The Librarian Capability#
One of the most powerful features is proactive context surfacing. The Orchestrator acts as a "Librarian" that:
- Cross-references past conversations with current queries
- Reminds you of relevant past decisions
- Surfaces related work from team members (in organization context)
Example prompt injection:
## Relevant Past Context (Librarian Mode)
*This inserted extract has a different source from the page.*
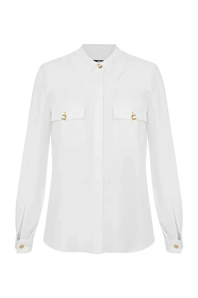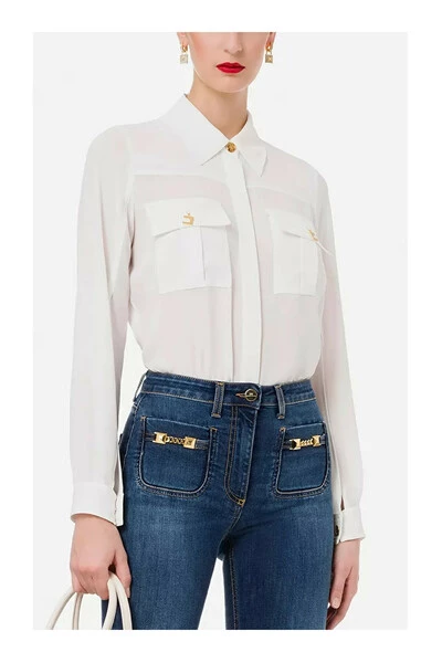 Lange sleeveved shirt gemaakt van georgette met lange mouwen en kenmerkend door grote zakken met flap en logo hanger gemaakt van gouden metaal. Merk: Elisabetta Franchi Artikelcode: CA01626E2 Samenstelling: 100% polyester. Pass: het model is 178 cm hoog en draagt maat 40.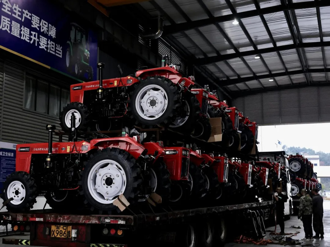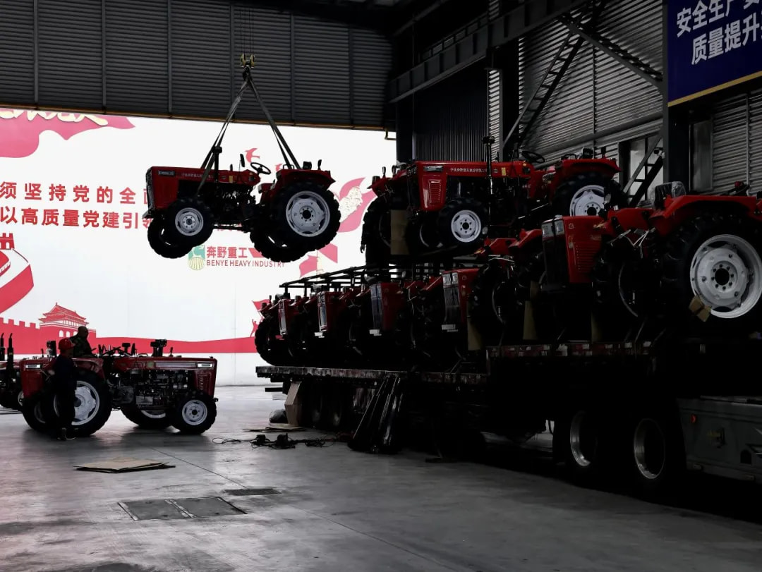 车间外的成品区,一台台崭新的奔野农机整齐排列,等待装车发运。装车师傅同样忙碌不停,协调车辆、核对订单、安排配送,确保每一批农机都能及时、安全送达客户手中。“我们每天都有几十台农机发往各地,就是为了让农机尽快抵达田间,不误农时、助力丰收。” 物流部负责人介绍道。

You have access to the user's conversation history. When relevant:
- Proactively mention past discussions: "By the way, you discussed X last week..."
- Cross-reference sources: "This relates to your earlier work on Y..."
- Surface related team discussions: "Your team explored a similar approach in Z..."
### Recent Relevant Episodes:
1. **Implement JWT authentication** (3 days ago)
- Added token generation and middleware
- User prefers strict TypeScript types
2. **Database schema design** (1 week ago)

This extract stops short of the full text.